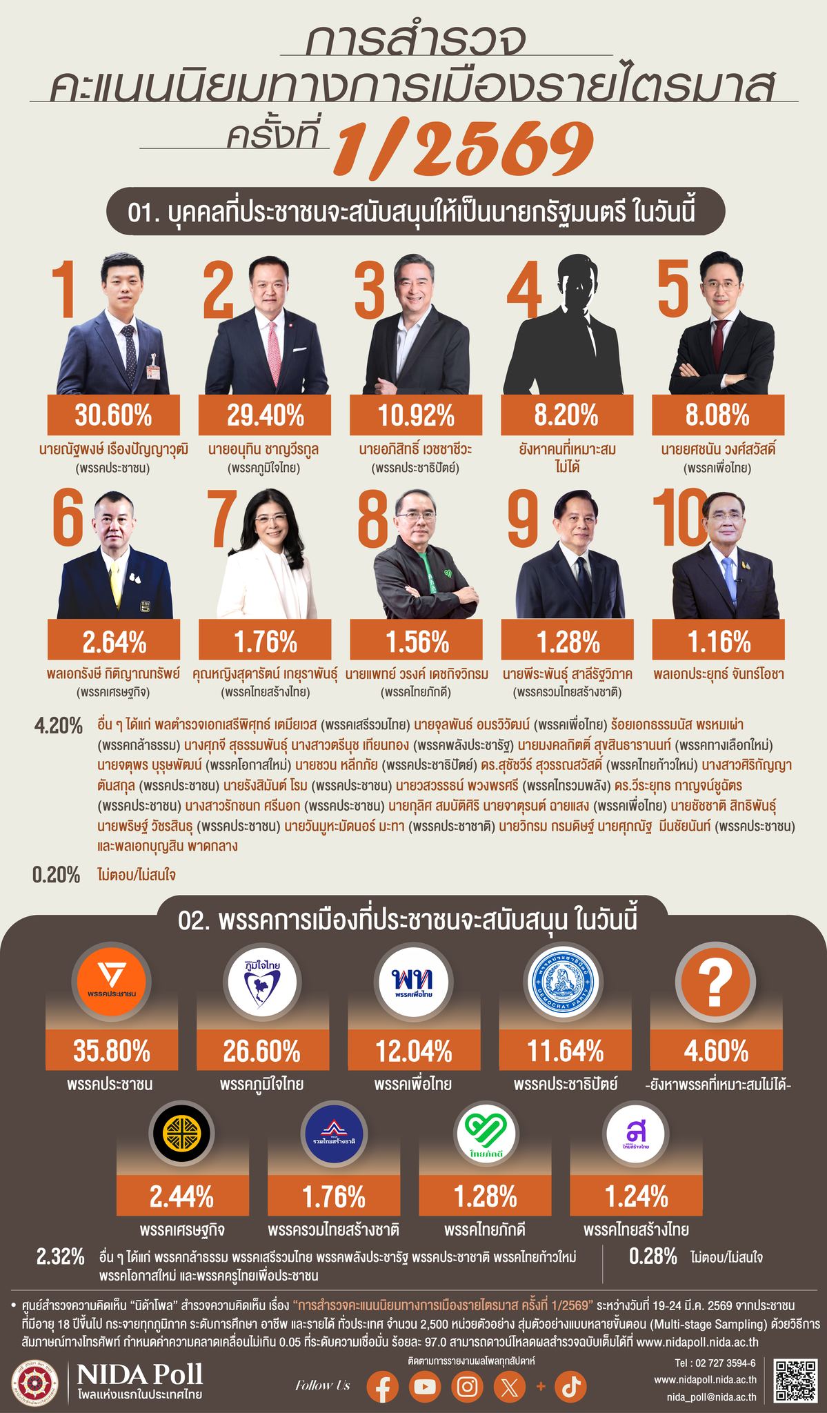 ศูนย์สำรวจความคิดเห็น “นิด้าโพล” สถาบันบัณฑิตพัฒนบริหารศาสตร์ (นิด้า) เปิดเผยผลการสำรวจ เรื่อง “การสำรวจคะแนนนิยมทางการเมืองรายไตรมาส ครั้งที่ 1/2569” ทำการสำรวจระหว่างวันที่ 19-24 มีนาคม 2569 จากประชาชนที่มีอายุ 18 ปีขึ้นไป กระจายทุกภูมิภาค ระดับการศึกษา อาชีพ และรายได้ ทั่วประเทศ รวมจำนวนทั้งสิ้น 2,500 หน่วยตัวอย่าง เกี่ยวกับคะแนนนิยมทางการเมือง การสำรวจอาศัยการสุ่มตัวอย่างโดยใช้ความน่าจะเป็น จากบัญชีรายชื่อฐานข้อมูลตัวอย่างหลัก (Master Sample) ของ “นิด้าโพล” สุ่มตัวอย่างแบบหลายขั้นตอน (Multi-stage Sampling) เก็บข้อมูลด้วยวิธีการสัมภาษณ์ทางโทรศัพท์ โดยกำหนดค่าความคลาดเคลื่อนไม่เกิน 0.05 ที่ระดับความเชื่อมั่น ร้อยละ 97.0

==

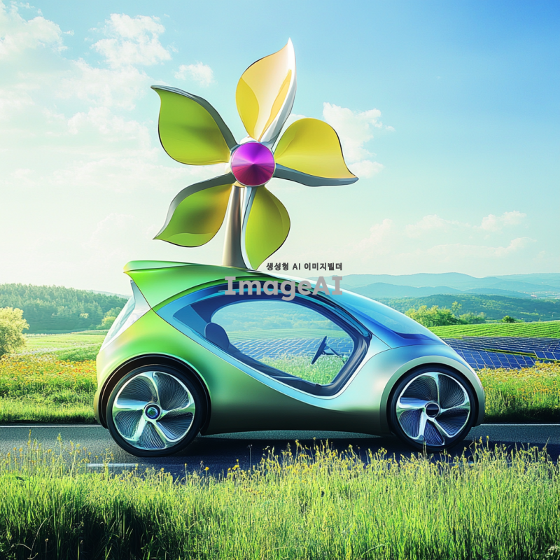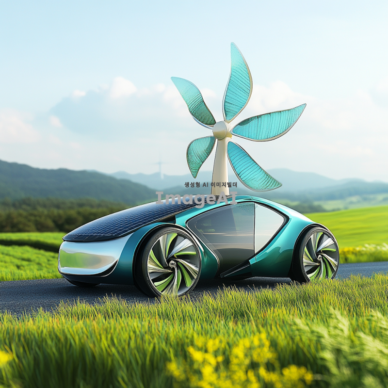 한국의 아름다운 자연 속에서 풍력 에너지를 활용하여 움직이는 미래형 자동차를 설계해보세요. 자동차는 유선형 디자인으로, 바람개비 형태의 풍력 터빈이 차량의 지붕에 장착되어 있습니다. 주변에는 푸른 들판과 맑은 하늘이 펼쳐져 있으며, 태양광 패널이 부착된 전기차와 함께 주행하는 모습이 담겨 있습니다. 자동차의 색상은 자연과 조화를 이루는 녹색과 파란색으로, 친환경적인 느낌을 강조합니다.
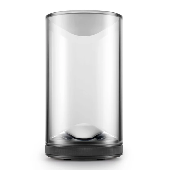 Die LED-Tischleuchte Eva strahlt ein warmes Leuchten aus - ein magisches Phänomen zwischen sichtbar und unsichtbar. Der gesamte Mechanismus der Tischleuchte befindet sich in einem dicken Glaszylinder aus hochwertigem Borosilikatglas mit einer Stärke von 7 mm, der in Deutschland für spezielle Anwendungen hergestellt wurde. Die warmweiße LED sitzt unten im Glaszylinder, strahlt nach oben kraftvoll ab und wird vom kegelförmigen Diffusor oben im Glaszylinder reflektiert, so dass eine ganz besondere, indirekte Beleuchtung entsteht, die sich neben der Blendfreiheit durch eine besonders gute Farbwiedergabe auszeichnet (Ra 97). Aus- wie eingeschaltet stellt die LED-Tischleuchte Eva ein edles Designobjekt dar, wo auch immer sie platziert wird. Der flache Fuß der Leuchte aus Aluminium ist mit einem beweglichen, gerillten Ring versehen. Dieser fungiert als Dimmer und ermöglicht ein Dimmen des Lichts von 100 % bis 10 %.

--

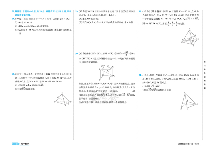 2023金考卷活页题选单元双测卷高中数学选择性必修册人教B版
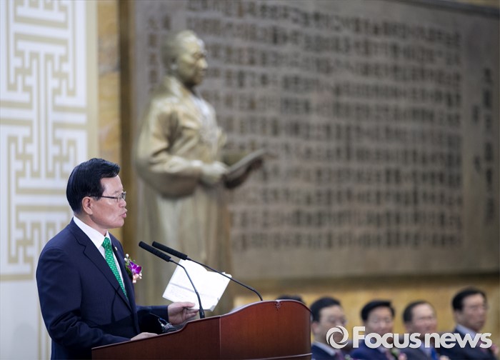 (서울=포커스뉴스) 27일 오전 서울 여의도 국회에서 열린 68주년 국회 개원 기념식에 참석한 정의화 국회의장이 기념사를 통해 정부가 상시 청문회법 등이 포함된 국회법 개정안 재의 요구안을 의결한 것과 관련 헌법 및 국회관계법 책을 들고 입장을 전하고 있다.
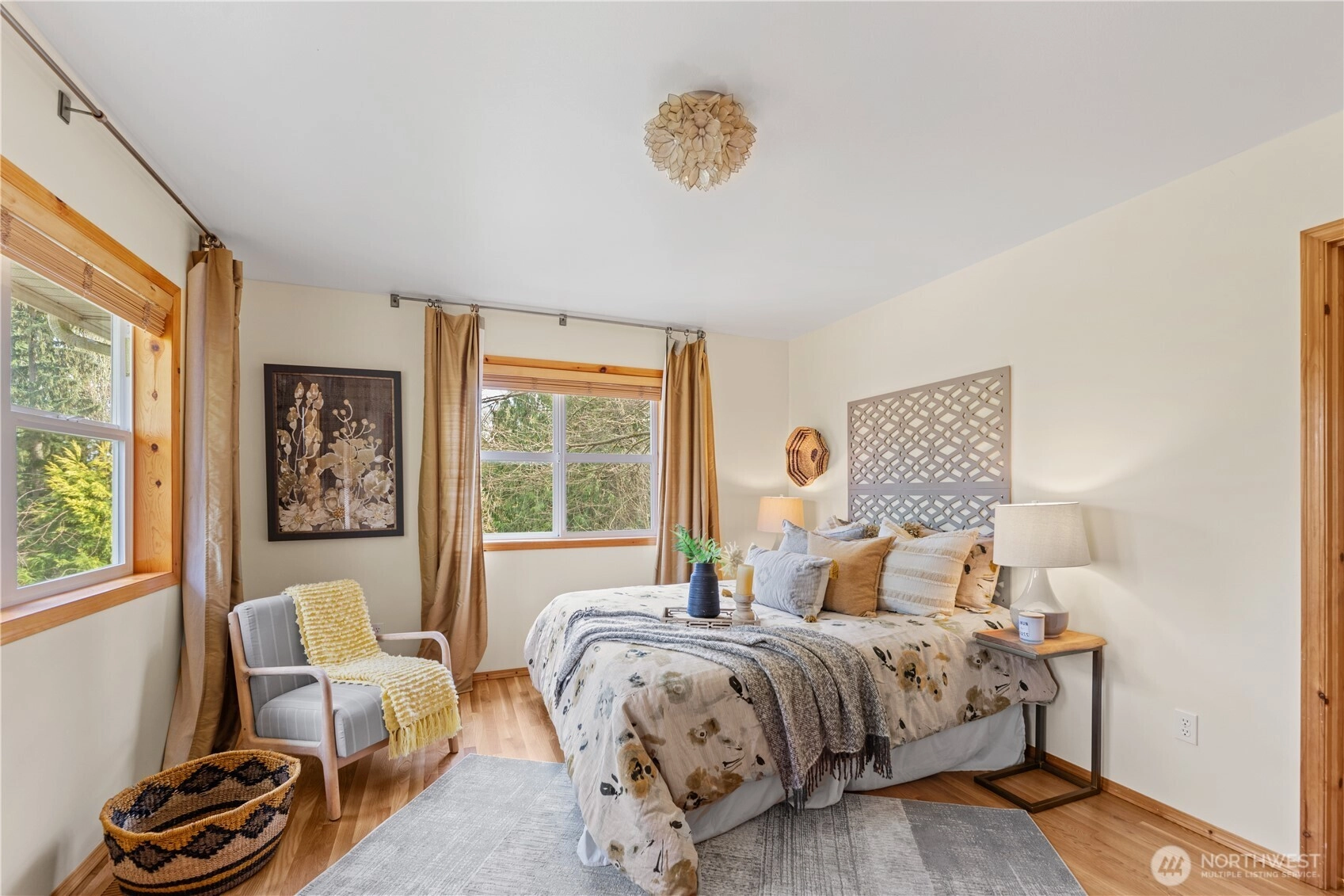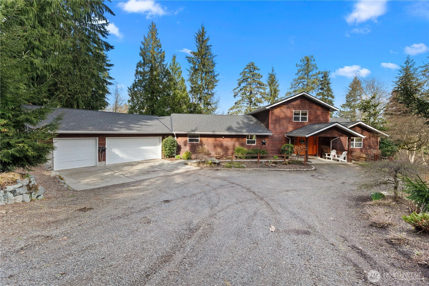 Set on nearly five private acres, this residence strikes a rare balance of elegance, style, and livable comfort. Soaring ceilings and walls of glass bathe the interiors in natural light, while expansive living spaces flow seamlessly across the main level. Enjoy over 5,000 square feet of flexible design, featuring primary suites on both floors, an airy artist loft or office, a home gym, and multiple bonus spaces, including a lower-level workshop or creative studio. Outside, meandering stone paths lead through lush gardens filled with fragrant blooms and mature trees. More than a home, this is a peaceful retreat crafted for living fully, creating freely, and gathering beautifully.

▶ _Problem requirements_: Repeat only the stretch of data above that runs from the line with "2023金考卷活页题选单元双测卷高中数学选择性必修册人教B版" to the line with "Set on nearly". Keep both end lines; exclude pictures.

▶ _Output of the task_:
 2023金考卷活页题选单元双测卷高中数学选择性必修册人教B版
 (서울=포커스뉴스) 27일 오전 서울 여의도 국회에서 열린 68주년 국회 개원 기념식에 참석한 정의화 국회의장이 기념사를 통해 정부가 상시 청문회법 등이 포함된 국회법 개정안 재의 요구안을 의결한 것과 관련 헌법 및 국회관계법 책을 들고 입장을 전하고 있다.
 Set on nearly five private acres, this residence strikes a rare balance of elegance, style, and livable comfort. Soaring ceilings and walls of glass bathe the interiors in natural light, while expansive living spaces flow seamlessly across the main level. Enjoy over 5,000 square feet of flexible design, featuring primary suites on both floors, an airy artist loft or office, a home gym, and multiple bonus spaces, including a lower-level workshop or creative studio. Outside, meandering stone paths lead through lush gardens filled with fragrant blooms and mature trees. More than a home, this is a peaceful retreat crafted for living fully, creating freely, and gathering beautifully.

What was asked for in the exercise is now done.